First of all, you have to define the context of this situation. Any of
these Indian workers is earning up to ten times more than what a Cuban
gets paid for doing the same job. However, that doesn't mean to say that
there aren't plumbers, carpenters and construction workers in Cuba who
earn more than the Indians. The only thing you need to do in order to do
this is work in the private sector.

This is nothing more than a policy of burying the state productive
sector's head in the sand, as there are no legal means to pay higher
salaries and the State – that is to say, the bureaucrats who
administrate it- are unable to go one step further and open their minds
to something that goes beyond the almost feudal mentality they have.

Meanwhile, this kind of primitive exploitation encourages the
development of not only bad working habits but criminal behavior at the
same time. And therefore, robbery, mistakes and a lack of productivity
are the by-products of the absence of motivation. It's impossible to
think that there aren't any good Cuban builders on the island when
Cubans make excellent builders across the entire world.

In allowing foreign construction workers in Cuba, who receive many times
better salaries than Cuban workers themselves do, the Cuban government
is reversing the age-old mechanism of exploitation, whereby a workforce
capable of doing the same work for less money is brought from, or simply
attracted, from overseas. Therefore, Cuba converts itself into a kind of
enigma – or a perfect hell – for somebody like Donald Trump.
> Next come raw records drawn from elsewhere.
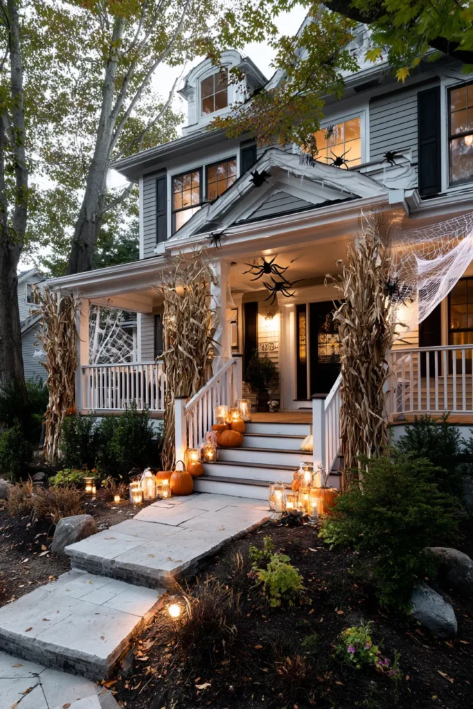 This white farmhouse porch leans into spooky elegance with giant spiders crawling across webs stretched along the railings. Corn stalks frame the stairs, while glowing lanterns and pumpkins line the walkway, casting a warm light as you approach. The whole porch feels alive with both charm and a hint of creepiness.
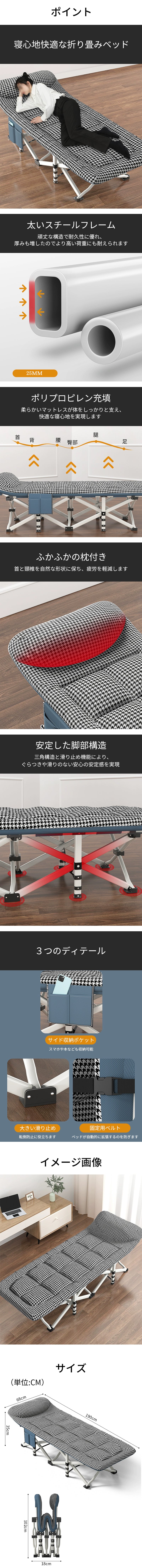 - 折りたたみベッド シングルベッド 折り畳みベッド パイプベッド ベッド スチールフレーム ポリプロピレン 枕付き 滑り止め サイド収納袋 ピンク ブラック ZDC-K012
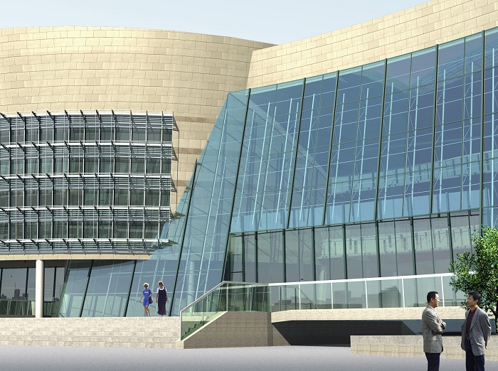 總體設計考慮用地位于丁字路口,呈三角形,館前要創造一定深度感的室外圍合空間,建筑物的體型要有利于創造這種空間,故采用了一字形的平面并作適當的建筑處理;建筑與北面聶耳文化廣場軸線中的聶耳雕像形成對景。
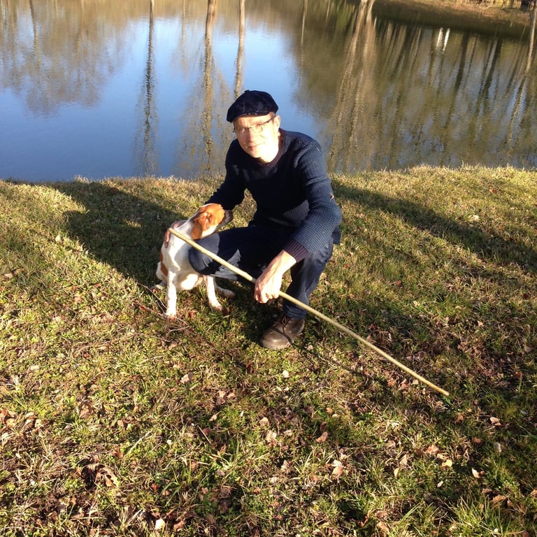 J’ai quitté Strasbourg un vendredi à 13 h pour aller la récupérer chez un paysan bordelais le samedi matin à 7 h. Il ne fallait surtout pas arriver en retard : pour eux, le jour de chasse, c’est sacré. Vers minuit ou une heure du matin, je me suis arrêté devant la ferme pour finir ma nuit. À 7 h pile, la voilà. Autour d’un café, j’ai fait sa connaissance. Elle n’avait pas l’air farouche. À ce moment-là, elle s’appelait Misette... Vaindiou, quel prénom ! Peu de temps après, nous étions sur le chemin du retour.
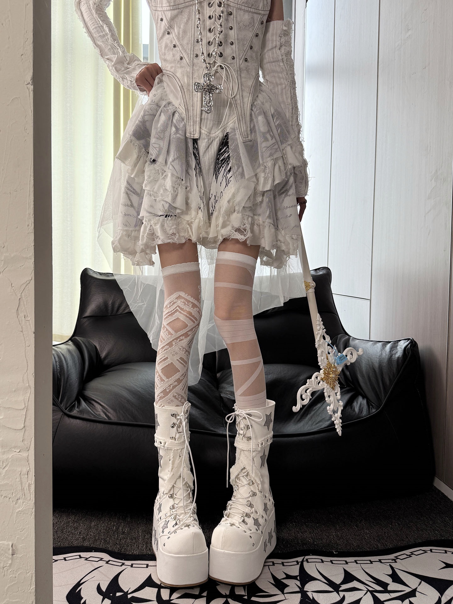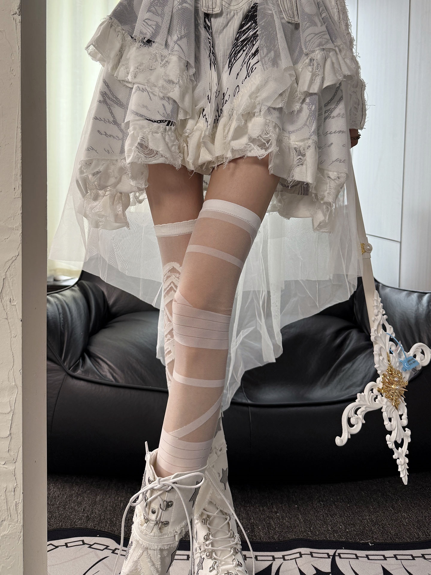 "現實逃避所"白繃帶玻璃絲AB款過膝襪Lolita亞比風y2k白哥特DF
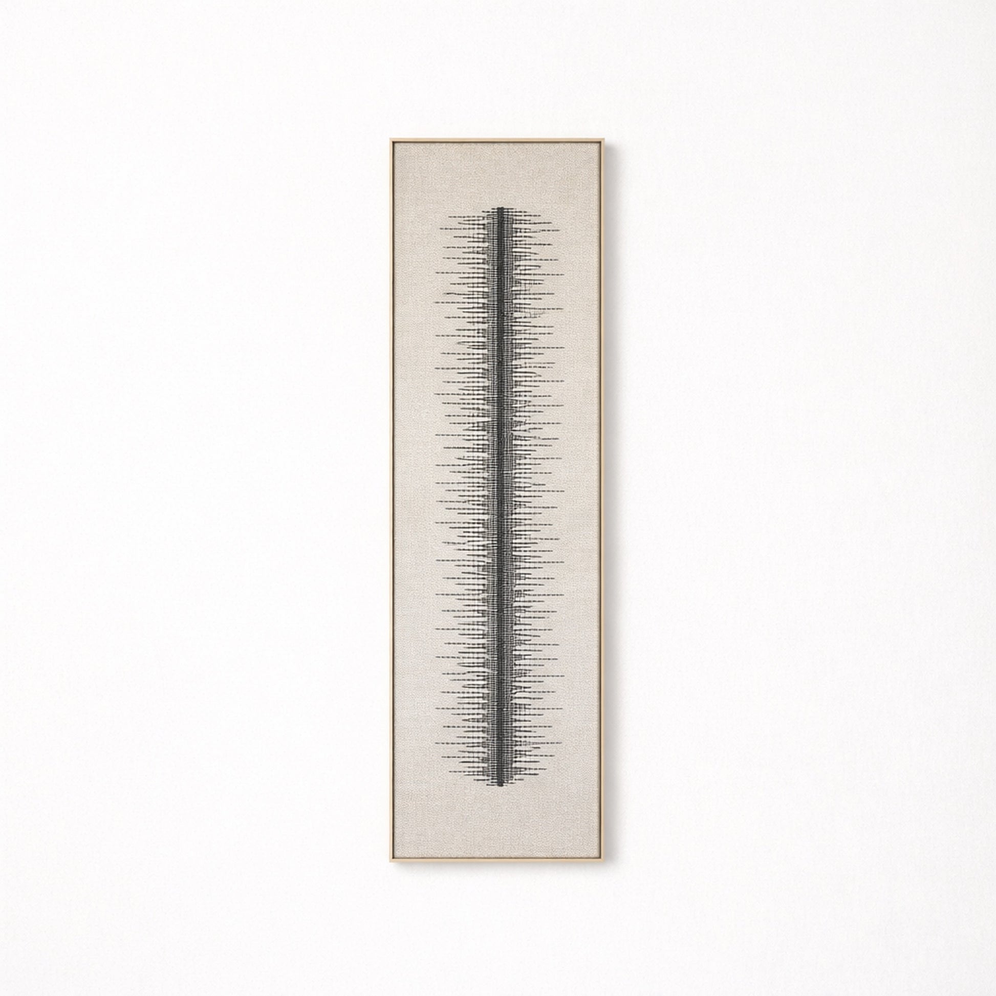The sound wave pattern runs from top to bottom, creating a continuous visual rhythm. Subtle shifts in the grey tones introduce depth and dimension, while the neutral palette keeps the piece timeless and easy to integrate with existing decor.
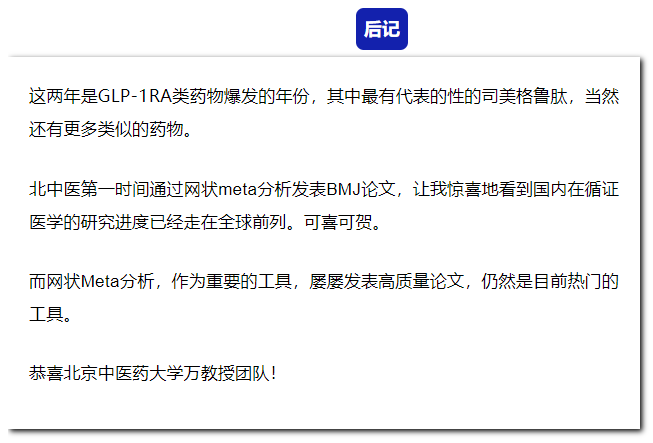北京时间1月30日,北京中医药大学万瑾毅教授团队在《BMJ》上发表了题为“Comparative effectiveness of GLP-1 receptor agonists on glycaemic control, body weight, and lipid profile for type 2 diabetes: systematic review and network meta-analysis”的论文,以评价GLP-1RAs对成人2型糖尿病患者血糖控制、体重和血脂的比较疗效和安全性。
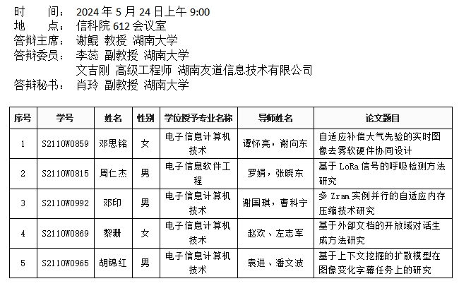 第一会所 (计算机工程系)2024年5月24日硕士答辩公告(3)
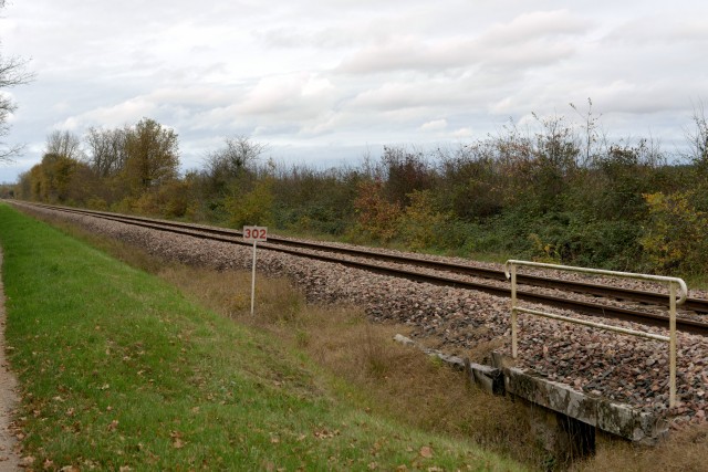 Commentaire photo - Malgré un tracé favorable, la vitesse-limite n'a jamais du dépasser ici les 120 km/h, à la fin du XXème siècle. La voie fuit vers le nord. | |
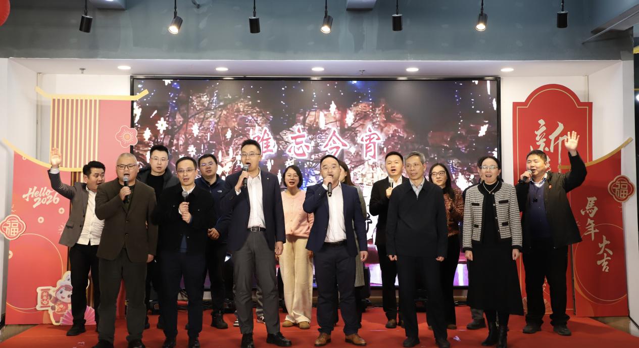 活动高潮,张校长带领三院领导领唱《朋友》与《难忘今宵》,全场教职工齐声高歌,熟悉的旋律回荡在现场,深情歌声汇聚成温暖的海洋,将晚会气氛推向最高潮,也为本次联欢会画上了圆满而富有凝聚力的句号。
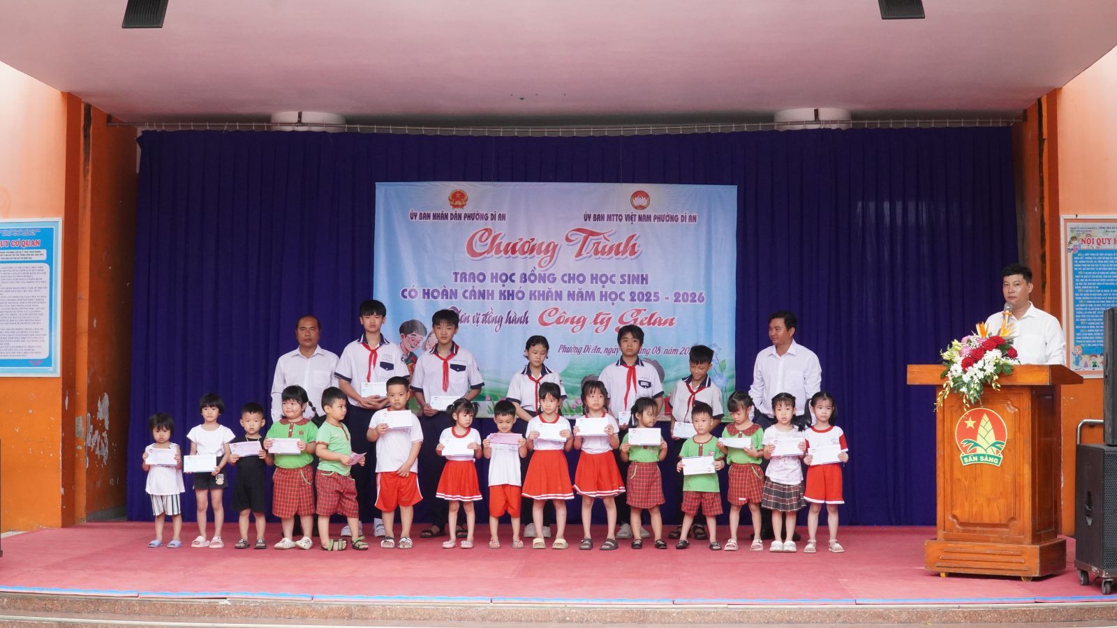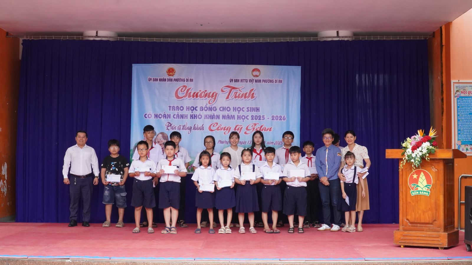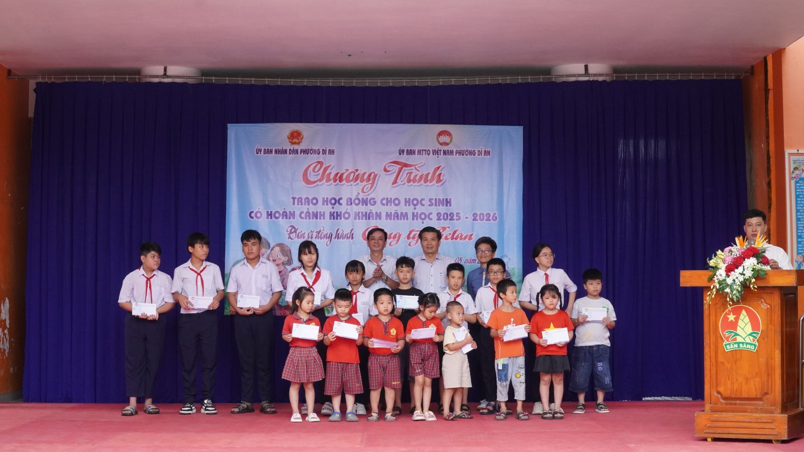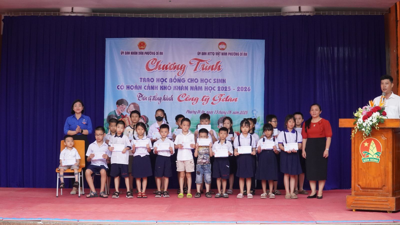 100 phần quà là tiền mặt trị giá 500 ngàn đồng/ phần đã được lãnh đạo phường và đơn vị tài trợ trao tận tay các em học sinh khối mầm non, tiểu học có hoàn cảnh khó khăn trên địa bàn phường Dĩ An trước thềm năm học mới 2025-2026, tổng kinh phí trao quà là 50 triệu đồng do công ty Gelan tài trợ. Các em học sinh khi nhận học bổng đã bày tỏ sự xúc động và biết ơn trước những tình cảm yêu thương của lãnh đạo địa phương và các mạnh thường quân đã luôn quan tâm, dành sự sẻ chia đến những hoàn cảnh khó khăn, tiếp sức các em đến trường. Qua đó các em cũng hứa cố gắng quyết tâm học tập thật tốt để sau này góp sức xây dựng quê hương Dĩ An thêm giàu đẹp.
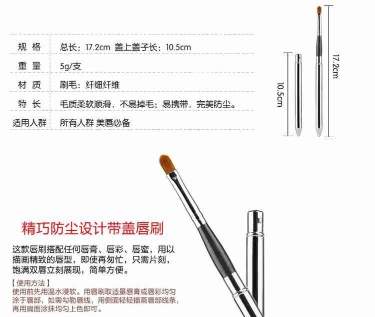 因为口红颜色众多,买家很难确定自己适合哪个颜色,所有为了方便MM轻松找到适合自己的颜色,本店推出了口红分装试色;这时候就又有买家反映,分装试色没有唇刷,试色很不方便,本想国外代购一款唇刷,但是搭配试色,如果唇刷太贵就不怎么亲民,考虑到价格跟实用这方面,对于买家来说amy觉得定制是最划算的,定制的产品,质量会比市面上普通的唇刷要好,价格也不会太贵;所有amy特意从厂家拿样,多款唇刷做了对比,最终选择了这款高级纤维制作的便携式唇刷,不仅物美价廉,而且方便携带哦!
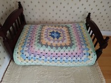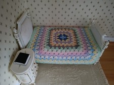 Traditional style multicoloured crocheted blanket in pastel shades for a single bed made using 1ply yarn and a very fine hook.
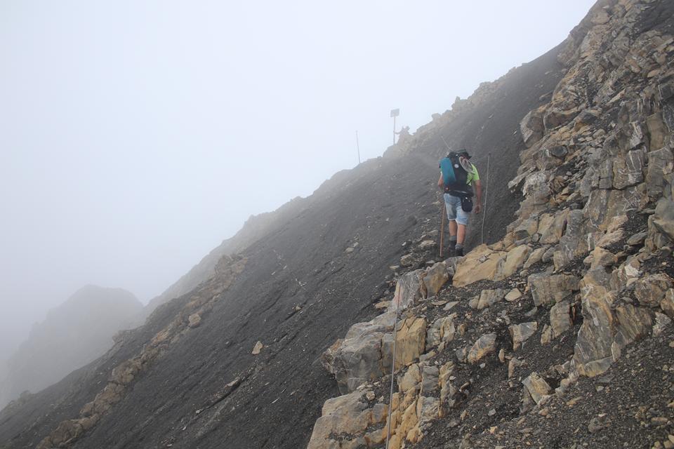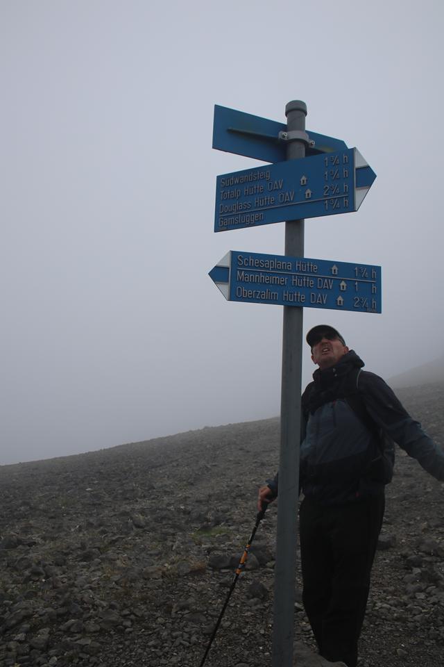 Bis in die Scharte sind es nur noch wenige Minuten. Interessant die Passage mit den Schiefer Platten. Hier hängen die Wolken, die Sicht schwindet. Kurz vor dem Erreichen des Schesaplanasattel, auf dem schwarzen Untergrund legen wir eine Pause ein, Kalt die Hände, so etwas bin ich überhaupt nicht gewöhnt. Der Wind pfeift aus West. Zwei Personen erreichen von Links (West) die Wegteilung, mehr als 10 Minuten halten wir dem nicht Stand, auf zum Gipfel. Ein Weg in einfachen Gelände der steiler wird. So gut wie keine Sicht. Fast geradlinig nach Oben, Stimmen werden lauter etliche Personen verweilen unter dem Mächtigen Holzkreuz das mit Stahlseilen gesichert sind. Schade dieser doch Isolierte Parade Aussichts Berg lässt überhaupt keine Sicht zu. 10.15 Uhr, reichen uns die Hand, Setze mich zu 5 Schweizer die im Windschatten verweilen. Die Fleece Weste kommt zum Einsatz. Eine kleine Schokolade die ich mit Mane teile als Belohnung. Mane lässt mich aus seiner Flasche einen Schluck Wasser trinken. Die Tour lässt sich mit der Koomot Aufzeichnung gut nachverfolgen. In etwa 1/3 der Strecke ist bewältigt. 1.45 Std. angegeben sind 2 Std. Kurzer Internet Aufenthalt (3 At). S könnte Trocken bleiben auch die Sonne wird sich zeigen. Wir Rätseln ob die Kameraden ob der Verhältnisse zum Gipfel aufsteigen. Damit wir sie nicht verpassen steigen wir ab. Humprey erreicht mit uns die Scharte, die anderen kommen gleich. Humprey steigt auf jeden Fall auf. Warten an der selben Stelle wie zuvor. 10.45 Uhr, sind wir komplett. Bis auf Ali wollen alle auf den Gipfel. Wir warten hier bis ihr wieder zurück seid. Relativ Flott sind die 4 wieder am Treffpunkt. Sie möchten gleich weiter, gesagt getan, ohne jeglichen Hinweis oder Markierung geht es abwärts. Ein Schild auf der einen Seite Austria auf der anderen Schweiz. Ein Pfad findet sich, es geht in den Milden Hang gefühlt leicht rechts, prinzipiell geradeaus, Abstieg in einem hin und her über reichlich Schotter. Wegteilung Schesaplana Hütte zweigt links ab Folgen Richtung Mannheimer Hütte . Übergang in einen Abwechslungsreichen Bereich Anfangs unter dem Grat. Längere Passagen durch den Altschnee etwas anstrengend auch die Wegfindung. Im Bereich der Blauen Markierungen auch Pfeile, läuft es sich gleich viel einfacher. Es hellt auf. die Temperatur steigt leicht an. Humprey folgt Mane während ich im Schnee mit der Weg Findung kämpfe. Die Wolken ziehen nach oben, Freie Sicht auf den Gletscher, Nördlich am Grat zum Wildberg 2788 m, steht die Hütte. Doch Erstmal wird ein Abstieg anstehen. Die Markierungen verlieren sich, Mane versucht es rechts, finde die Richtige Route, Informiere die beiden. Treffen überraschend an einer weiteren Wegteilung auf eine Gruppe Schweizer. Markierungen an den Felsen und Steinmänner weisen den Weg über die Schneefläche.

We mustn't forget that, in the case of the Manzana de Gomez hotel, the
Cuban State is the investor. So, the Cuban government prefers to pay
foreigners better so they can carry on paying their citizens poorly.

However, all of this has a simple explanation and that's the fact that
our economy is constantly being subordinated to politics, which
continues to endure, despite Raul Castro's government's supposed airs of
change. And another unfortunate conclusion, for those who rule in
Havana, Cubans continue to be the last cards in the deck.